San Pablo presenta al “pecado” personalizado; como un poder negativo que ha entrado en el
mundo a causa de la desobediencia de Adán y debilita radicalmente a todos sus hijos, especialmente
a los que imitan su desobediencia. La teología cristiana lo llama “pecado original”.
En contraposición, la obra de Cristo, el nuevo Adán, es paralela a la del primer Adán, pero
superior.
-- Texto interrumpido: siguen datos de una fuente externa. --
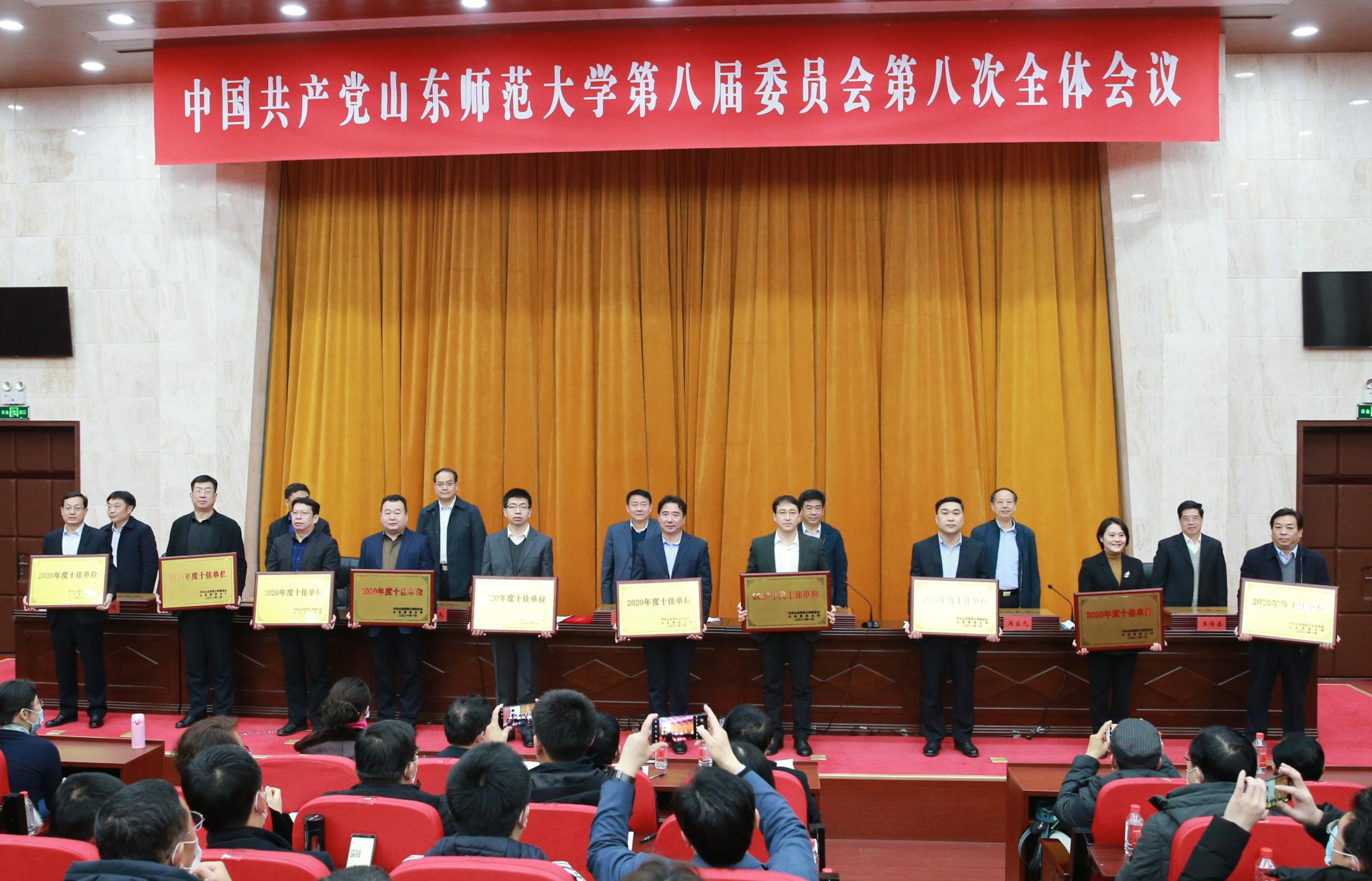 学院荣获“2020年度十佳单位”称号,校党委书记唐洲雁为学院颁授奖牌,院党委书记战秉聚代表学院上台领奖。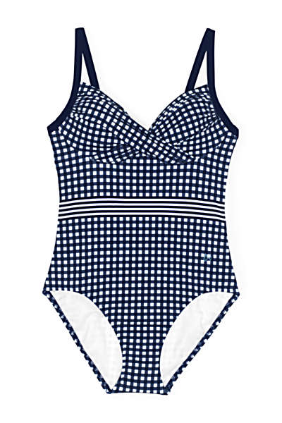 Did you know that Carrie Underwood has an activewear line called CALIA? Well, the brand offers cute swimsuit options, too. For sportier gals who prefer an athletic look, the silhouettes are ideal — the tops are akin to sports bras, with bust support and comfortable straps. The bottoms also give a secure fit, with full butt coverage and wide waistbands that don’t sit too uncomfortably high in case you’ve got other outdoorsy, watery, sporty activities planned. (One reviewer raved that she went on a long hike in her CALIA swimsuit and it didn’t budge once.) What sets CALIA apart from the usual athletic brands are the thoughtful feminine details, like strappy backs on one-pieces, flattering ruching, and cute prints.

Como notaba Benedicto XVI en su catequesis del 4 de diciembre de 2008: “La repetición del
"cuanto más" respecto a Cristo subraya cómo el don recibido en Él sobrepasa totalmente al pecado de Adán y a las
consecuencias de éste en la humanidad, tanto que Pablo puede llegar a la conclusión: "Pero donde abundó el pecado
sobreabundó la gracia" (Rm 5,20). Por tanto, la confrontación que Pablo traza entre Adán y Cristo ilumina la inferioridad
del primer hombre respecto a la superioridad del segundo”.
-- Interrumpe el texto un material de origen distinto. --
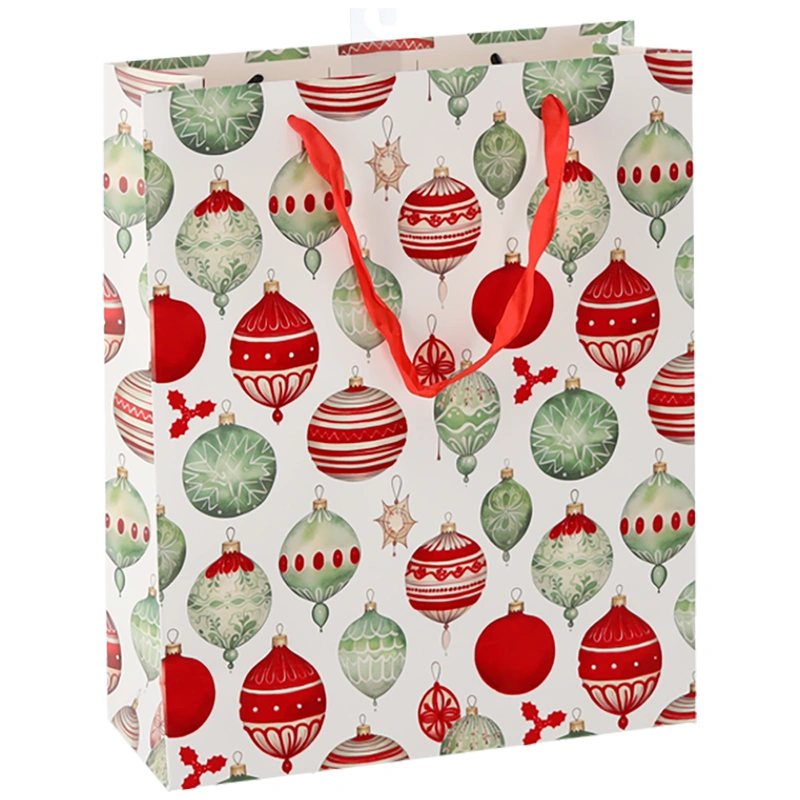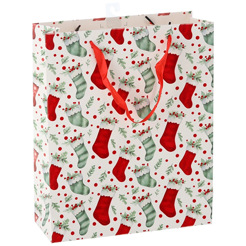 Piękne i praktyczne torby prezentowe, które wniosą świąteczny nastrój już przy pierwszym spojrzeniu. Dostępne w trzech bajecznych wzorach – z bombkami, skarpetkami oraz gałązkami ostrokrzewu – idealnie sprawdzą się jako eleganckie opakowanie na świąteczne upominki. Każda torba została wykonana z wysokiej jakości papieru, co zapewnia nie tylko trwałość, ale również elegancki wygląd. Żywe kolory i detale graficzne przyciągają wzrok i dodają uroku każdemu prezentowi. Wygodne uchwyty z czerwonej wstążki ułatwiają przenoszenie i dodają torbom elegancji. Dzięki dużemu formatowi bez trudu zmieścisz w niej książki, ubrania, kosmetyki czy zestawy prezentowe. To idealne rozwiązanie dla wszystkich, którzy cenią estetykę i chcą podkreślić wyjątkowość swoich podarunków.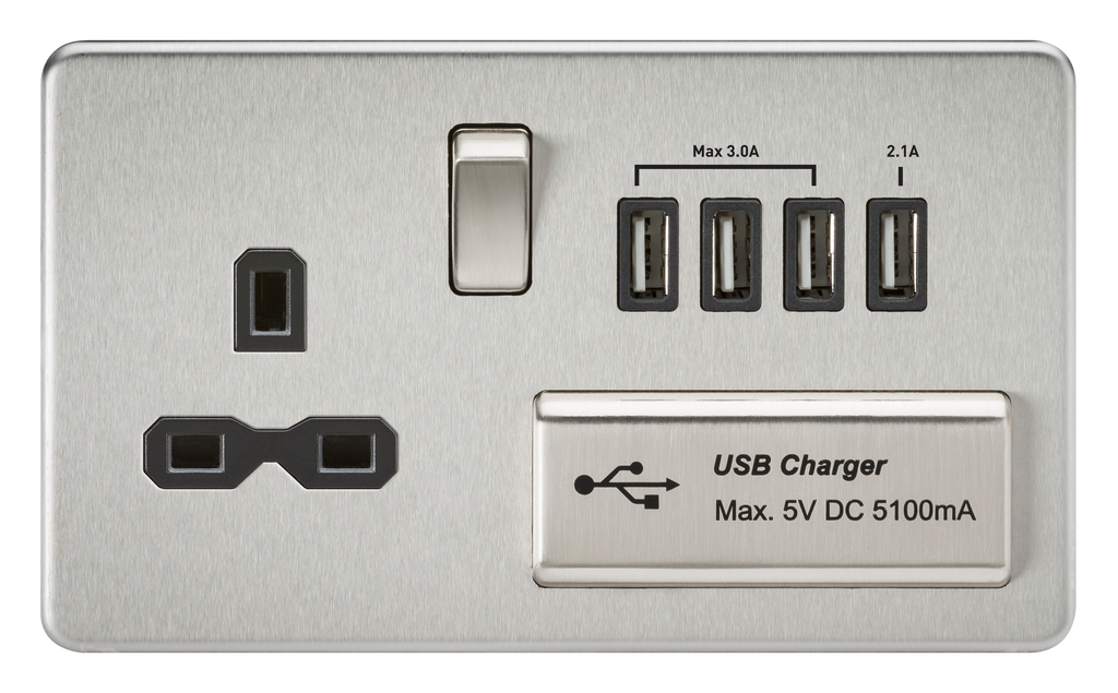 Ideal solution for multiple users, combining a 13A switched socket with a Quad USB charger. Screwless low profile metal design with matching metal rockers. Perfect for Coffee shops. foyers, receptions, hotel rooms etc. - 13A Switched socket - Quad USB Charging 5V DC5.1A (shared) - Dedicated 2.1A outlet for tablets - 3 outlets sharing 3A for multiple smart phones and other devices - Screwless low profile design with built in gasket - Certified to BS1363-2 - EMC Certified and ErP Ready - Minimum mounting box depth 25-35mm* *dependent on wiring conditions WE RECOMMEND YOU ALWAYS USE CERTIFIED USB CABLES FOR SAFETY AND TO ENSURE COMPATIBILITY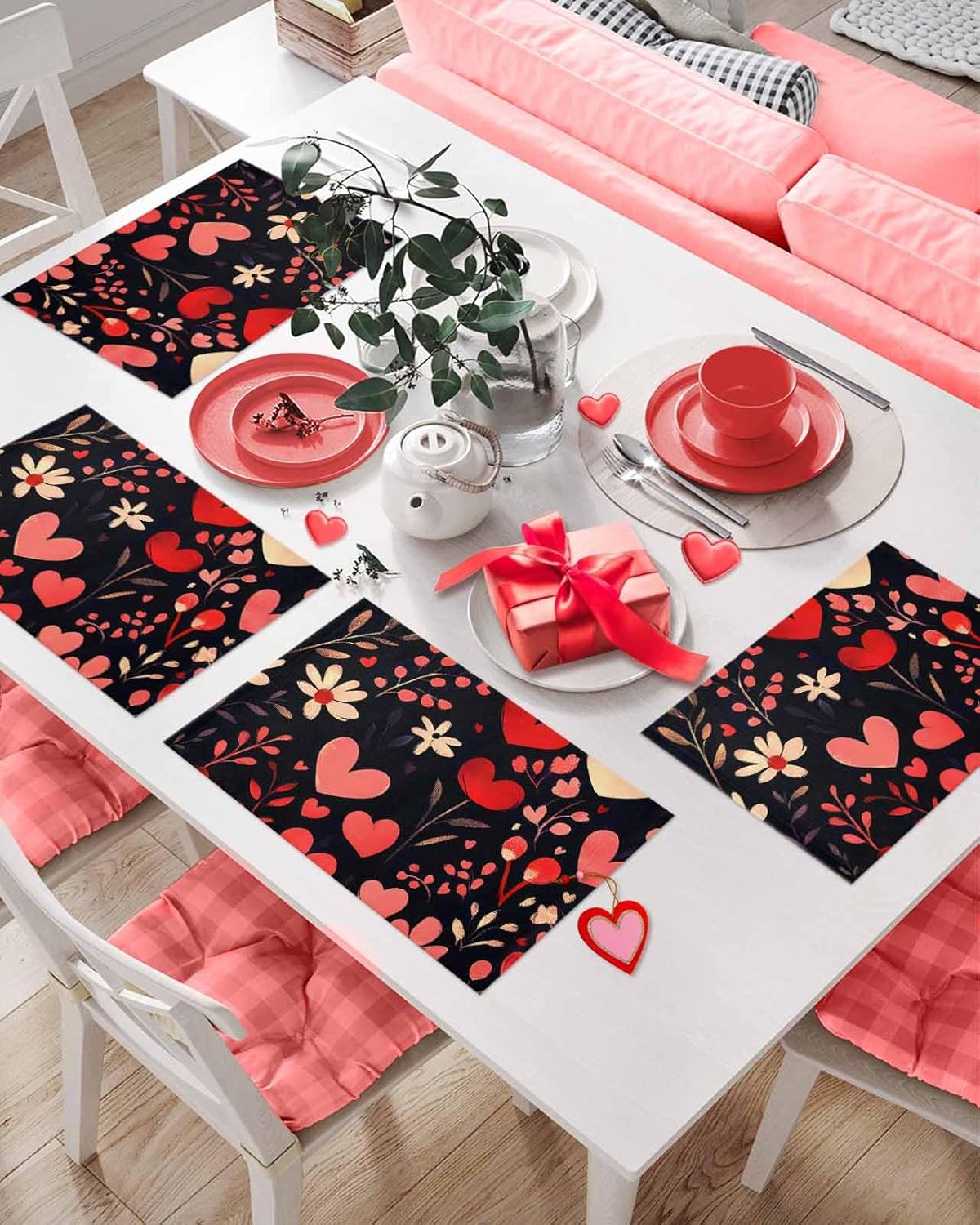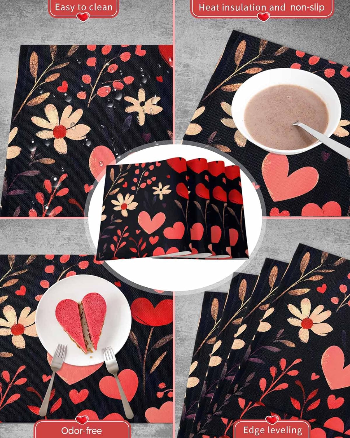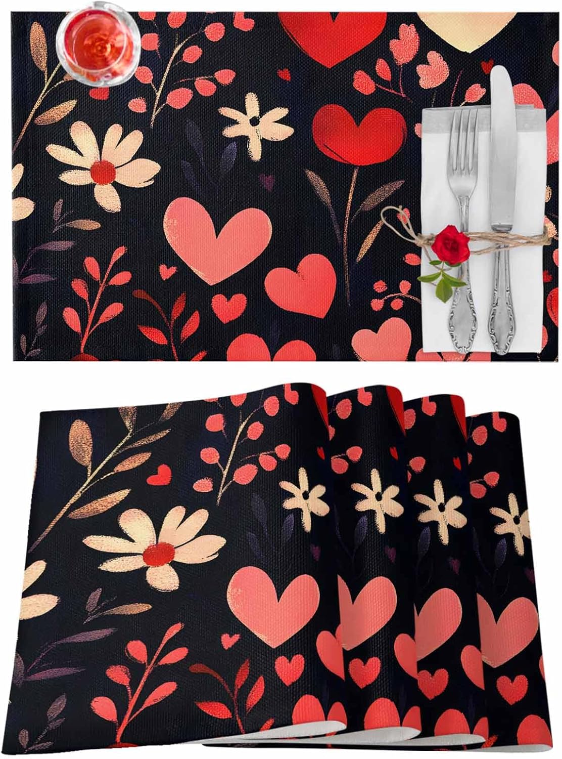 Valentines Placemat Love Heart Place Mats for Dining Room Dinner Table Romantic Flower Leaves Black Valentine’s Day Washable Table Mats Kitchen Decorations Set of 4

Este domingo leemos una parte del "sermón o discurso apostólico" de Jesús (cf. Mt 9,36-
11,1) donde Jesús les da instrucciones a los apóstoles al enviarlos. En los versículos anteriores al
texto de hoy Jesús les anunció claramente a sus apóstoles que sufrirán persecuciones de parte de los
hombres; más aún, que serán perseguidos por los miembros de su propia familia (cf. Mt 10,17-23).
Y termina esta sección diciéndoles que si al maestro y señor lo han perseguido y tratado de
Belzebul (príncipe de los demonios), los discípulos y servidores no pueden esperar un trato
diferente (cf. Mt 10, 24-25).
Ante estas predicciones es lógico que el miedo se apodere del corazón de los apóstoles. Por
eso Jesús comienza esta nueva sección de su discurso apostólico invitándolos a "no tener miedo".
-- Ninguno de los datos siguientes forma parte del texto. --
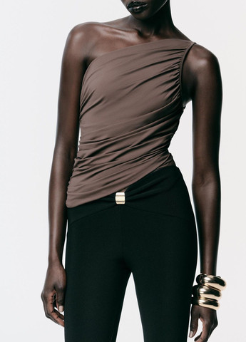 Топ з асиметричним вирізом із тканини в рубчик. Без рукавів, широка бретель із металевою деталлю.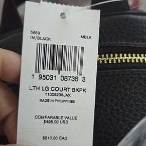 NWT Coach Black Leather Court Backpack In Large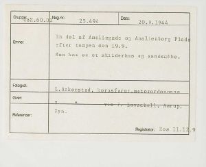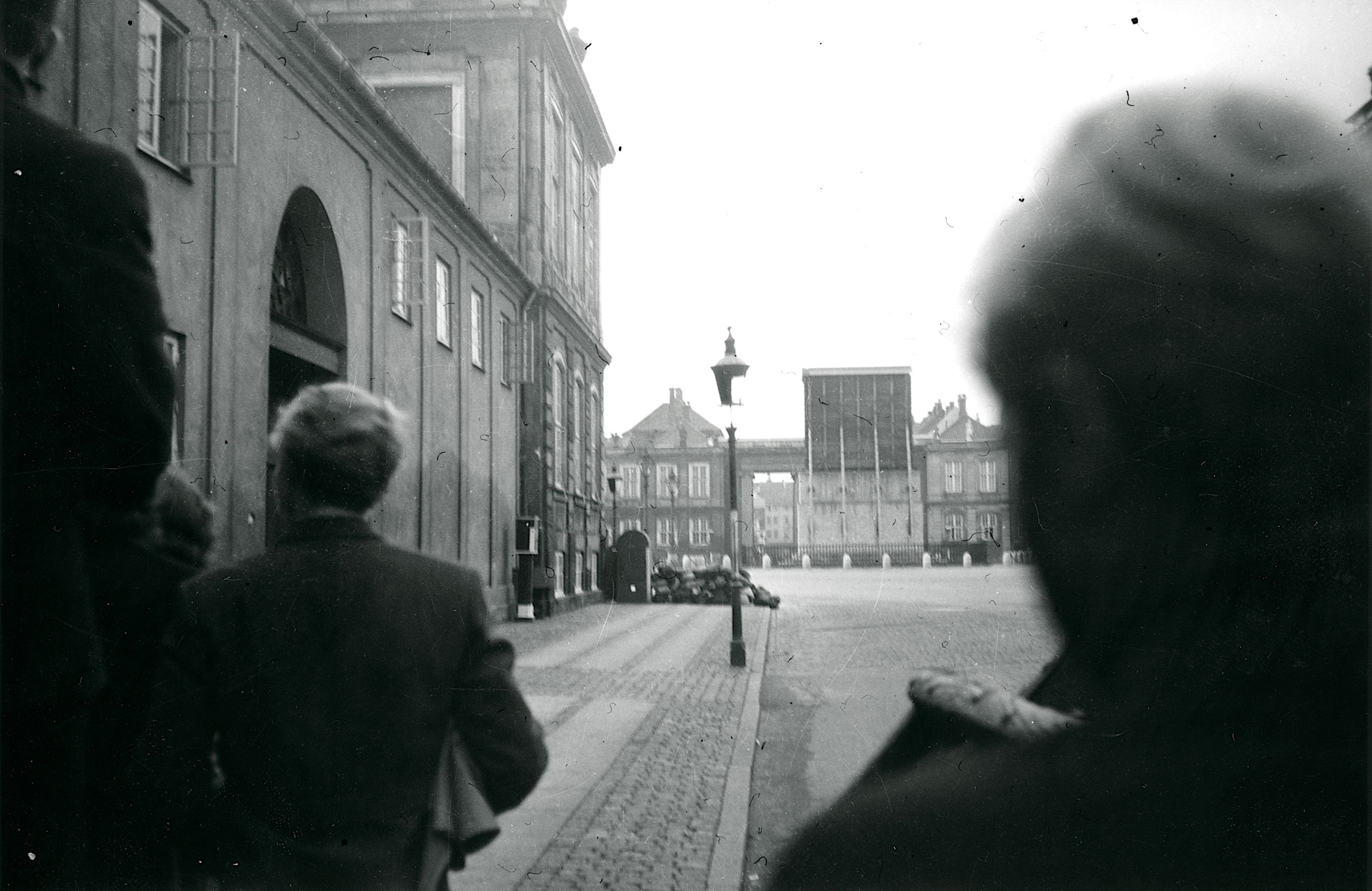 Maskingenkendt tekst fra fotokuvert: En del af Amaliegade og Amalienborg Plads efter kampen den 19.9. han kan se et skilderhus og sandsække.

Por lo que sigue nos damos cuenta de que se trata de no tener miedo de predicar abiertamente. El
mensaje que tienen que llevar los apóstoles – el Reino de Dios está cerca – está dirigido a todos, es
algo público, no puede ocultarse ni mantenerse en secreto.
Se trata del miedo a los hombres, a ser rechazado y perseguido por ellos. Este miedo puede
bloquear el espíritu misionero confinando el evangelio al silencio.
Por tanto, en esta sección Jesús busca que se supere el miedo en momentos de persecución.
La comunidad de Mateo era consciente de ser perseguida y contaba con la posibilidad del martirio;
y es interpelada a seguir cumpliendo el mandato misionero en estas circunstancias desfavorables.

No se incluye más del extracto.